# Looking for Multiple-dog ecollars



## Anna Kasho (Jan 16, 2008)

Any feedback on Dogtra 1804 (4 dog) vs TriTronics Classic 70 expandable (up to 6 dogs)?
Any suggestion where to look for a great deal on a used set?
I train my dogs OB in a group sometimes, and would like to have ONE remote with at least 3-4 collars. 
Currently have a Dogtra 1702 (which I like), so I am more familiar with the dogtra...


----------



## Guest (Dec 1, 2008)

Anna Kasho said:


> Any feedback on Dogtra 1804 (4 dog) vs TriTronics Classic 70 expandable (up to 6 dogs)?
> Any suggestion where to look for a great deal on a used set?
> I train my dogs OB in a group sometimes, and would like to have ONE remote with at least 3-4 collars.
> Currently have a Dogtra 1702 (which I like), so I am more familiar with the dogtra...


I personally prefer Dogtra collars, however on multiple collars, I think the TT is much easier to use. Try www.collarclinic.com for new and used collars. They always have a deal or something, besides craigslist, ebay, etc..


----------



## Mike Scheiber (Feb 17, 2008)

http://cgi.ebay.com/Tri-Tronics-Cla...327?pt=LH_DefaultDomain_0&hash=item53e5b435f7


----------



## Pete Stevens (Dec 16, 2010)

Dogtra is good but I'm a Tritronics guy. But there are a couple of catches. Dogtra allows you to increase the stimulation mid-correction. So if there isn't enough stimualtion to correct, just turn the dial while pressing the button. On the other hand, you don't have to look at a Tritronics to switch to the desired receiver or change the level of stimulation. I also prefer the charging cradles for both the transmitter and receiver of the Tritronics over the direct plug ins of Dogtra. Plus side for Dogtra, usually 127 levels of stimulation compared to 12 at Tritronics. However, I find that Dogtra is not consistant with the amount of power. And I really like Tritronics customer service. Dogtra's customer service is good too but Tritronics is some of the best I have found in the K9 world.


----------



## Anna Kasho (Jan 16, 2008)

Thanks... I missed the ebay deal but I'll be checking there frequently. I have a couple months to look around and decide 

The dogtra remote (4 dogs) has one button per coliar, and I think a switch for nick/continuous. It has a 1 mile range. It is missing the two features I love best, the LCD screen and 127 level correction setings. The manual says 8 levels of nick/cont settings. Not sure if it's a smooth turning rheostat dial or if it clicks.

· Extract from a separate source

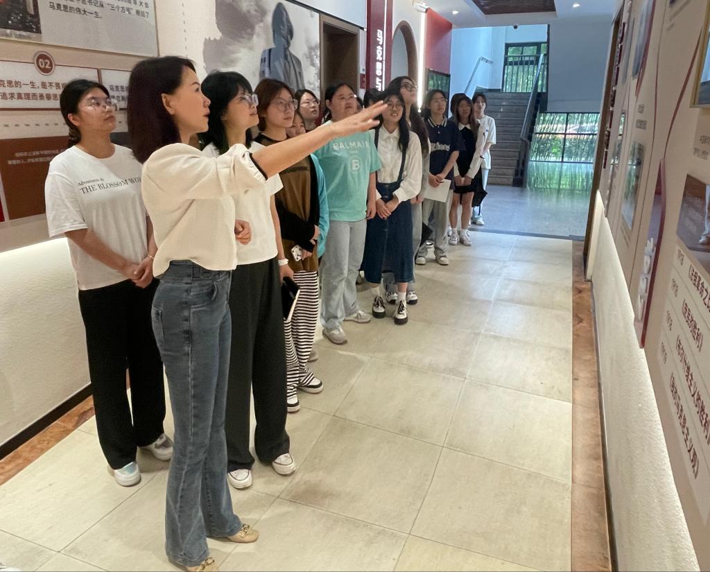 韩丹带领学员们前往马克思主义学院必由之路主题馆开展现场学习,回顾了马克思主义在中国的光辉历程,韩丹深入浅出、声情并茂的带领同学们探索了1840年至2021年历史上的重大事件内容为主线,回顾百年来历史上的重大时刻,展现了中国共产党在领导革命、建设和改革实践中培育出来的一系列宝贵精神。引导同学们深情缅怀先烈,学习感悟革命精神,从各个时期的先烈身上汲取健康向上的正能量,帮助同学们在烈士事迹的熏陶、感染和启发中树立正确的人生观、价值观和世界观。不断增强同学们继承和发扬革命优良传统的自觉性和主动性。

The tritronics 70 G3 EXP has three buttons for 3 collars, and a switch for 3 more collars. Only 6 continuous correction levels. Total cost is higher than Dogtra. The plus is that I can buy a basic setup and add more collars later, and the total goes up to 6 vs 4. Also the different remote style means I am not pushing the wrong buttons without thinking, already being used to a different arrangement on the dogtra.

Also, I am told the tritronics correction is more of a smooth "buzz" vs the "tic-tic-tic" of Dogtra. This shouldn't be a big deal when the dog knows what it means.

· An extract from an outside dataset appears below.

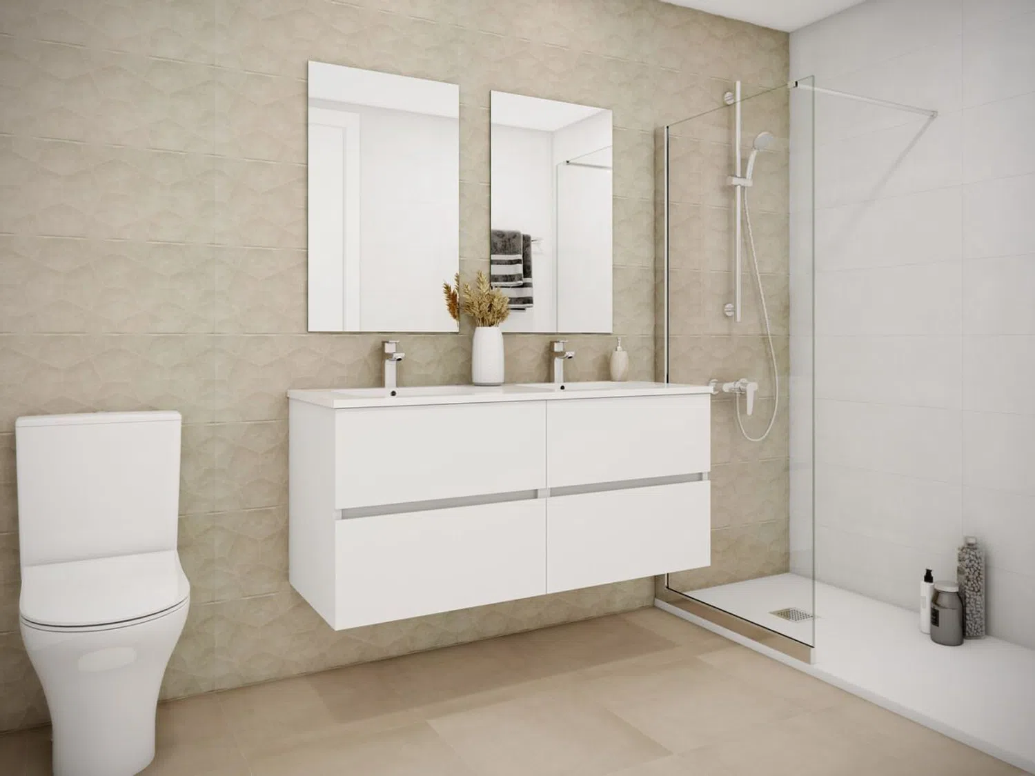 Chacune des maisons dispose de deux places de parking en sous-sol, connectées directement avec les intérieurs. La parcelle, positionnée en hauteur, offre une vue panoramique sur les environs. Les maisons entourent les zones communes, avec des salons orientés vers leurs jardins privés pour maximiser la confidentialité. Conçues sur trois niveaux (rez-de-chaussée, premier étage et sous-sol), elles offrent de grands espaces adaptés à la vie en famille. Le sous-sol comprend une vaste salle connectée à une terrasse anglaise de plus de 18 m², permettant une abondance de lumière naturelle, et un accès direct au stationnement. Le rez-de-chaussée ouvre sur le jardin privé et les zones communes, avec une cuisine équipée, un salon de plus de 36 m² avec vue sur le jardin, une salle de bain et un bureau ou chambre. Le premier étage abrite quatre chambres, dont une suite parentale spacieuse avec une grande surface de rangement, ainsi que trois autres chambres doubles et une salle de bain complète.

It's about an even choice as I see it.


----------



## Pete Stevens (Dec 16, 2010)

Correct on the smooth buzz from Tritronics. I find it better for "bumping" a dog with stim. I also like the audible tone from Tritronics instead of the vibrate of Dogtra. If the dog is running or in drive, they may not feel the vibration. They "usually" here the tone.


----------



## kendell jones (Aug 26, 2009)

I have the six-dog tri-tronics with the audible beep - never had a problem with it. The charge lasts pretty long, too. Mine came with one remote/receiver and three collars that the colors match up with the colored buttons. 

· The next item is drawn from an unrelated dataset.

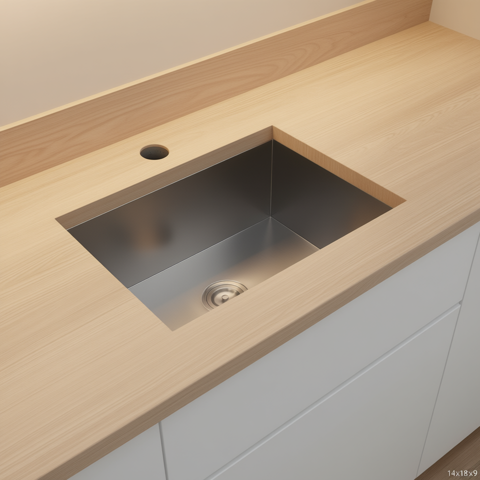 Lavello da cucina sottopiano in acciaio inossidabile 14x18x9 pollici, vasca singola quadrata, superficie lucida, facile da pulire

I've only got one dog I use it on, but it's easy to switch it from the solid buttons to the outlined buttons, just a simple toggle switch. Works at a good distance and works well in water. No complaints with the TT :grin:


----------



## Scott LaRoe (Jan 13, 2011)

I am TT all the way I have owned alot of them

those 2 are the best of the ecollars 

but TT is the way to go


----------



## Mo Earle (Mar 1, 2008)

Not sure how much you want to spend, but Jeffers- http://www.JeffersPet.com or 1-800-Jeffers, has Tri Tronics the Sport Basic for 3 dogs @ $239.95 and the 6 dog Trashbreaker G3 for $439.95 -they also have the "Sportdogs"brand- the Fieldtrainer 400 can be expanded up to 3 dogs which is $169, plus 99.95 for additional receiver, or the Fieldtrainer 400S for 3 dogs is $179.00 and 119.95 for each receiver ( after you buy all the receivers-I would say,you might as well go for the better known brand of Tri Tronics.)


----------



## Mo Earle (Mar 1, 2008)

forgot to mention the one you asked about #-o-the Classic 70 G3 trains up to 6 dogs and it is listed for $319.00


----------



## FRANKIE COWEN (Jun 3, 2008)

Love the sport dog 1825 have use dogtra tt innoteck love the 1825 smaller and many more programmable options then dogtra or tt, and expandable up to 6 dogs all waterprooof unlike tt were there tranmitter is water resistant and collar is waterproof


----------



## FRANKIE COWEN (Jun 3, 2008)

Moe you can call me i can explain things on 1825 from sd . I love the collar alot and you know i was big tt user for many years


----------



## Anna Kasho (Jan 16, 2008)

*Got the tritronics...*

Well, I got a TriTronics 70 G3 EXP. One collar system and two more receivers on the way. Will be getting 3 more collars/receivers later, for the full 6-dog set.

Review:

Receiver, lighter weight than my Dogtra 1702. Nice.

Construction and collar loops seems a thinner and more brittle-looking plastic, so I guess I'll see if the mutts will break it. The Dogtra held up well to accidental impact, scrapes and scratches on the boxes but has held up fine for over 4 years. Time will tell if the TT measures up.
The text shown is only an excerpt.